By JOHN DESPER
Despite adding more than 1.4 million square feet of space and the perception of soft demand, the Orange County low-rise office market continues to surge.
Performance largely is influenced by job growth, with an emphasis on employment stability in the mortgage sector.
At 53 million square feet, the low-rise office market has more than twice as much space as the high-rise office market. The low-rise market accounts for 56% of OC’s total 95 million square feet of office space.
The reasons for its popularity are simple,lower occupancy costs, shorter construction, size flexibility and the option to lease or buy.
The vacancy rate of low-rise office space, while up from last year’s 5.9%, remains a healthy 8.2%.
Still, the average asking rent rose by 18% in the first quarter from a year earlier to $2.47 per square foot.
With the John Wayne Airport area and Central County leading the way, the low-rise market rebounded with a strong first quarter of positive square feet absorbed of 474,160 square feet, up from the negative 69,289 net absorption in the fourth quarter.

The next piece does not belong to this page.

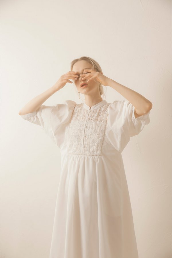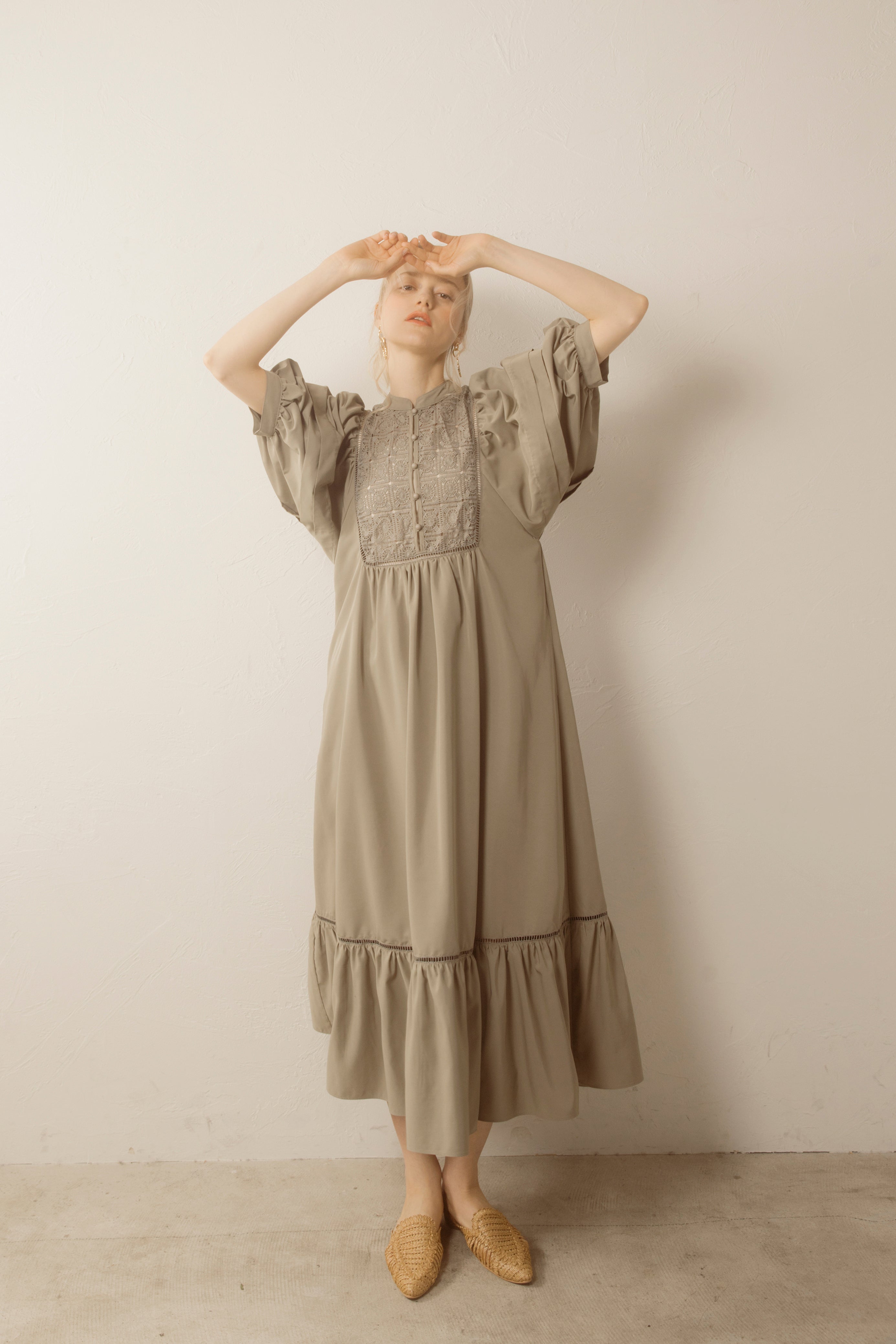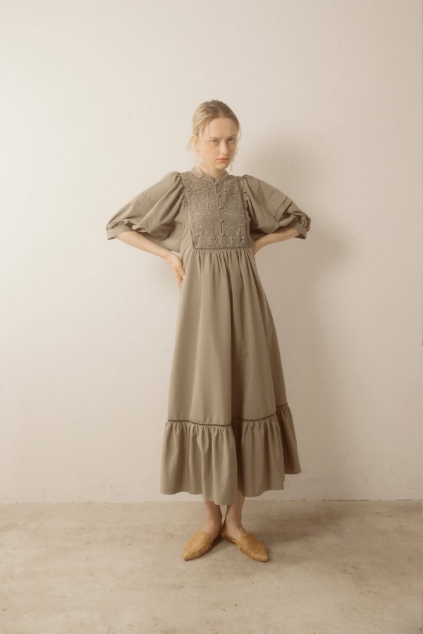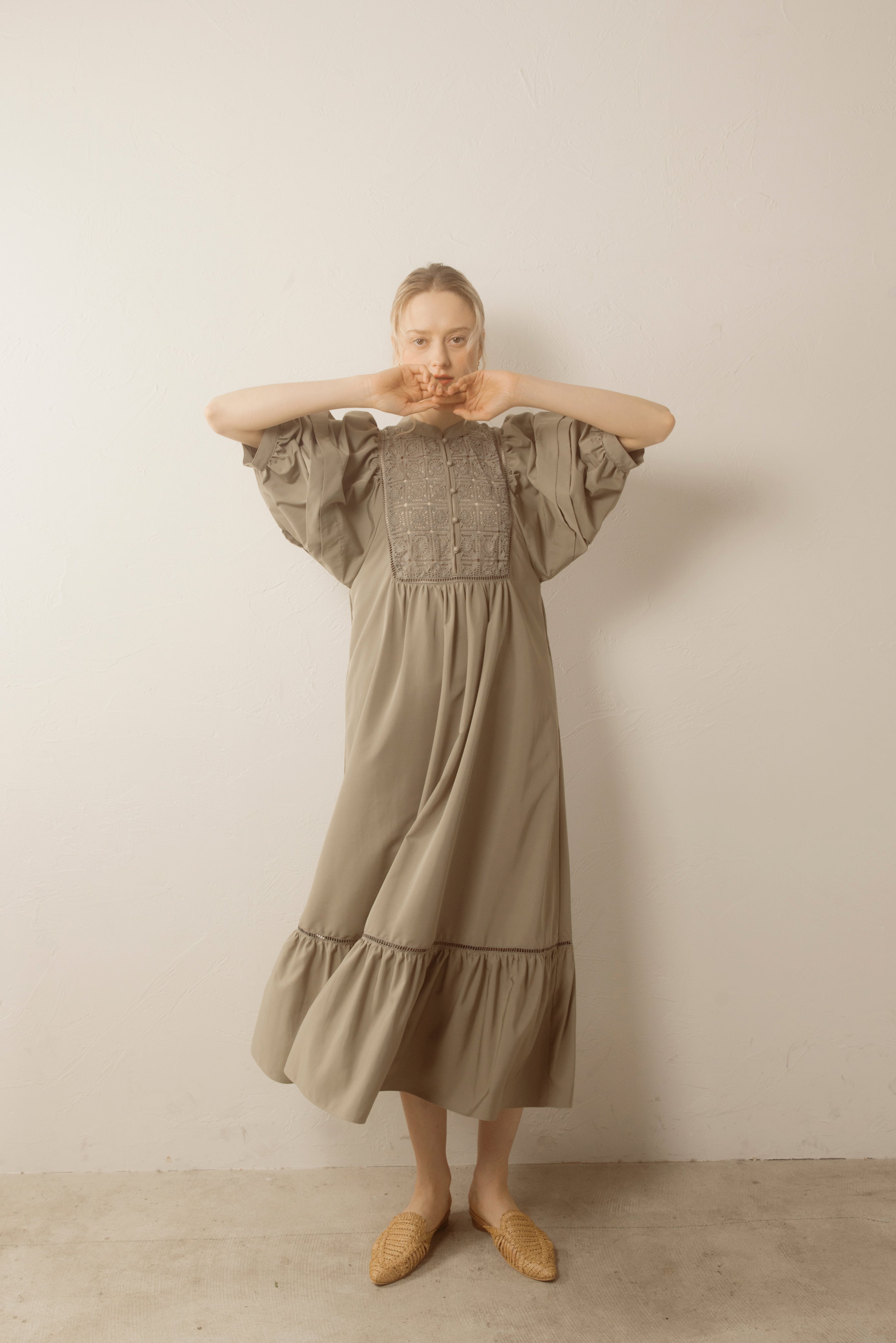 デコルテとティアード切り替え部分のはしごレースの透け感がさりげない肌見せがを演出してくれます。

Building owners of low-rise office space have good reason for long-term optimism as supply and demand fundamentals are in their favor.
While there is more than 1.3 million square feet of low-rise space under construction this year, 1.2 million already is leased.
Given the low-rise market has averaged more than 1.4 million square feet of positive net absorption in the past five years and has a low vacancy rate and limited land for construction, you have a long-term supply and demand scenario that works in favor of building owners.
Desper is a first vice president in the Newport Beach office of CB Richard Ellis Inc.